We never dated. Early on, I wasn’t interested in her as a girl; I needed her too much as a friend. Later still, too conscious of my ridiculous hair and my teenage dad-bod, I was scared to ask her out. Still later, she was dating handsome, popular guys. By the time I got serious about myself in college, learned about nutrition and took up running, lost my excess weight, she was still taken and I started dating other girls.

I learned a lot from those other girls: how to treat them. How to be honest. How to listen. How to make love. But none of them made me feel the way Ainsley did.

It seemed like we were never single at the same time. I’d been in the process of mustering my courage and asking her out…when she called me all excited and told me she’d just had a date with a guy who might be “the one.”

Fucking hell, I’d missed my chance again.

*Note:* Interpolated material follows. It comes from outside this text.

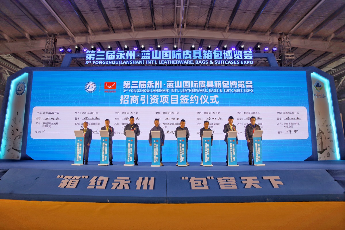 3月24日上午,第三屆永州·藍(lán)山國際皮具箱包博覽會在湖南省永州市藍(lán)山縣皮具箱包科技產(chǎn)業(yè)園創(chuàng)品國際智慧物流園拉開帷幕。本屆博覽會以“‘箱’約永州、‘包’容天下”為主題,現(xiàn)場簽約招商引資項目14個,總投資金額13億元,現(xiàn)場簽訂外貿(mào)訂單8單,簽約金額3.5億元人民幣。
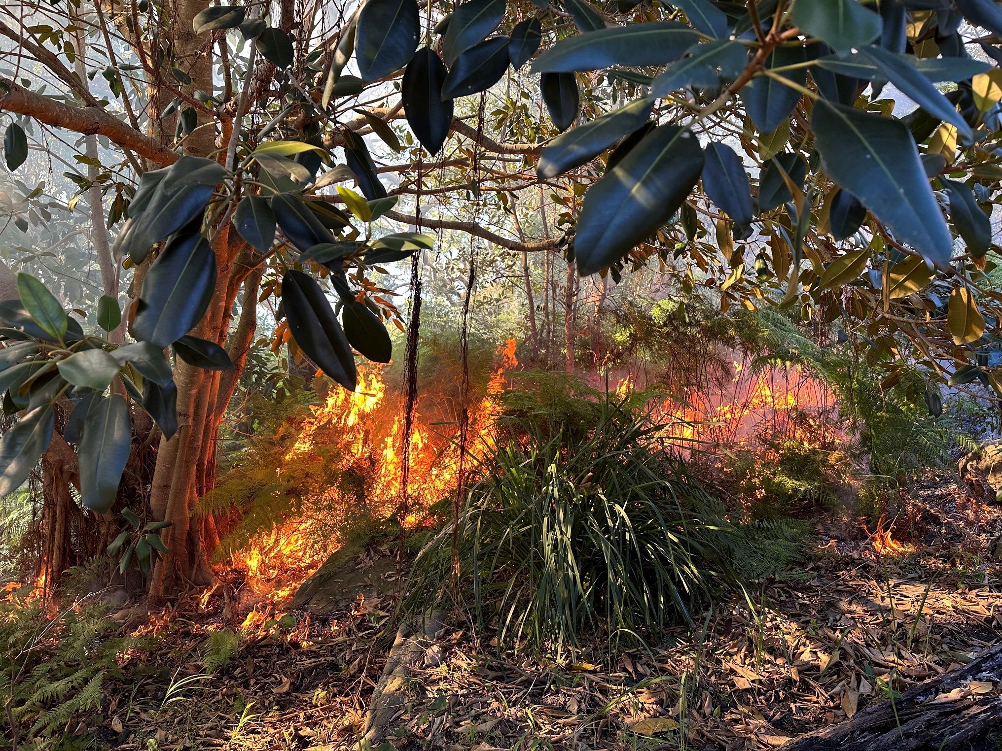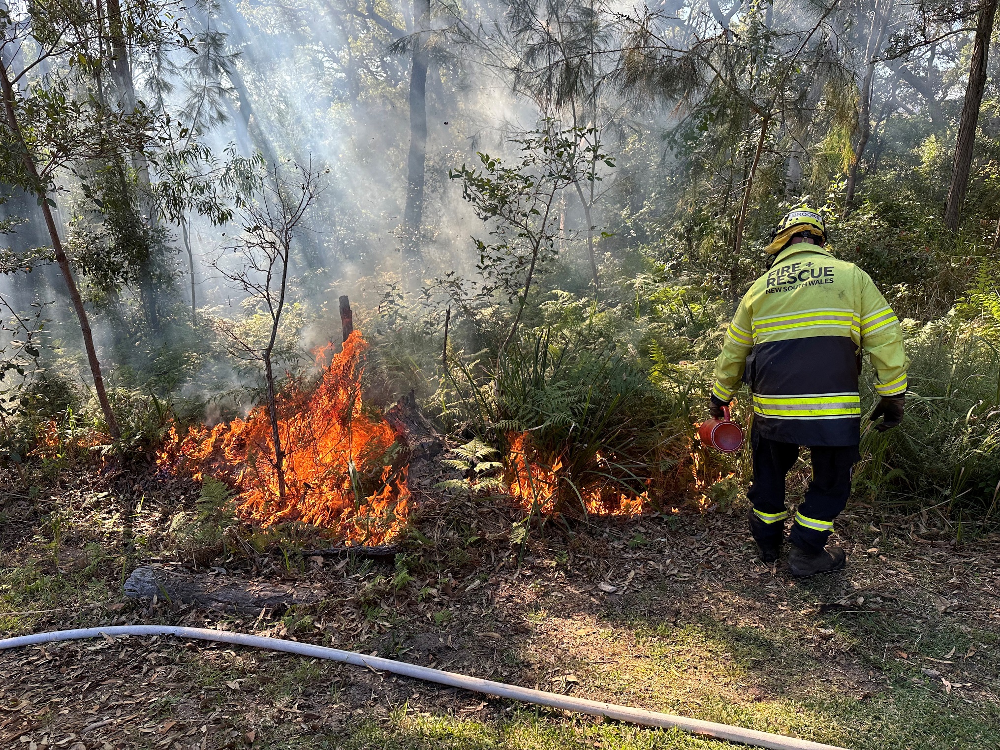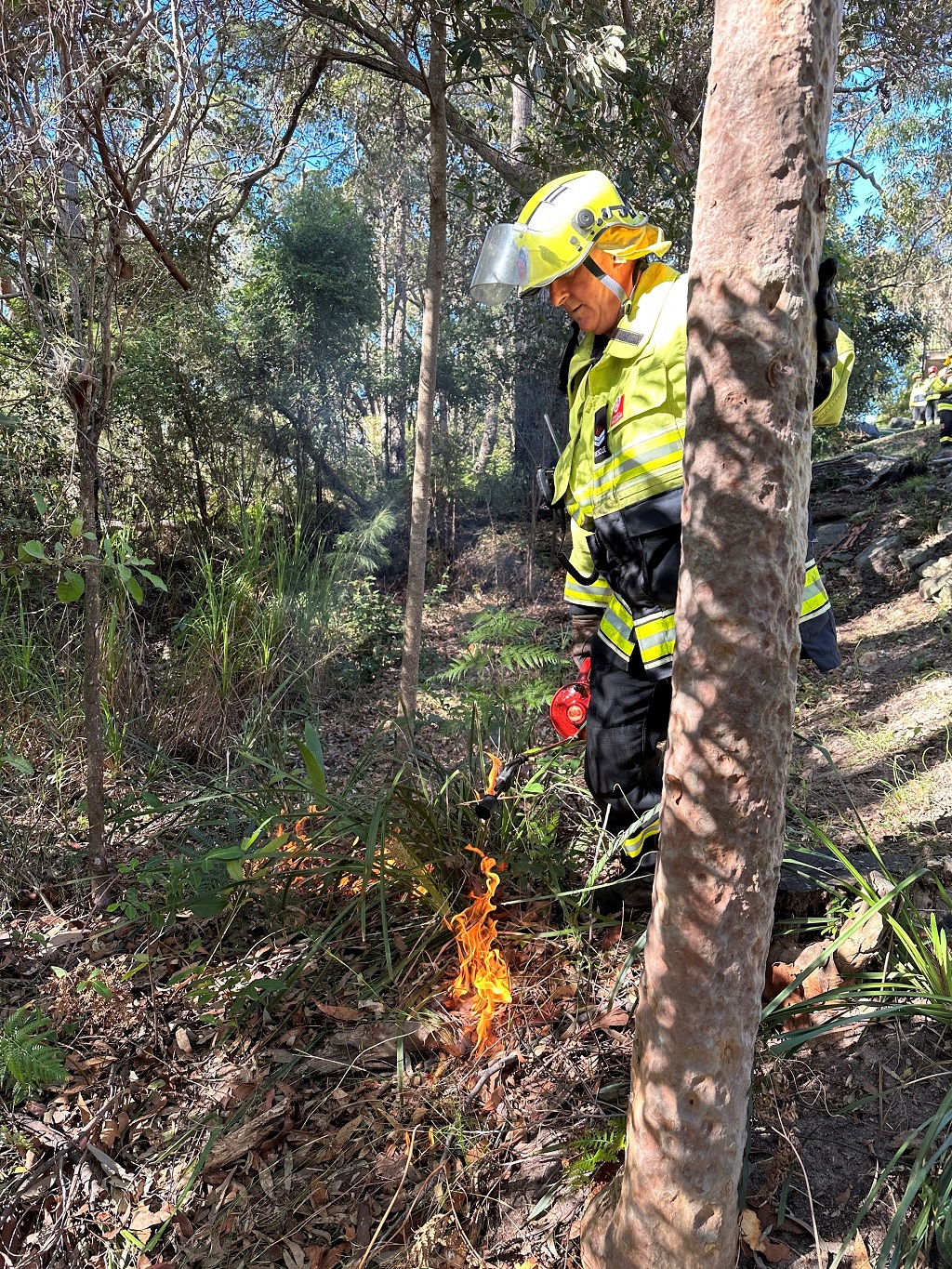 It was precision burning at Angophora Reserve on Wednesday when Fire and Rescue NSW carried out a Hazard Reduction Burn. With hose lines laid out along the main track and behind residents' homes, the operation involved 13 trucks and tankers as well as 60 firefighters from as far afield as Cabramatta, Guildford and Hornsby. Uneventful at all times, flames were kept low and when they did shoot up the trunk of an old Angophora, a firie would hose them down.

It didn’t help that I didn’t even like Jake. I thought he was self-centered; worse, he was taking advantage of Ains. He got her to do a lot of stuff for him that he thought he was too important to bother with, and he was, in my opinion, overly concerned with her appearance. God forbid she wore her hair in a messy bun or a ponytail; he liked it when she spent time curling it or putting it up in a complicated updo. He had no patience for spending time with her funny, warm-hearted Aunt Nell. And every time he took Ainsley to yet another charity ball thing, he’d insist that she needed a new evening dress (but never offered to pay for it).

Bastard. She’s better off without him.

In fact, she’d be way better off with me.

And I intend to show her that during this vacation. This is my big chance to demonstrate that I don’t deserve the friend zone.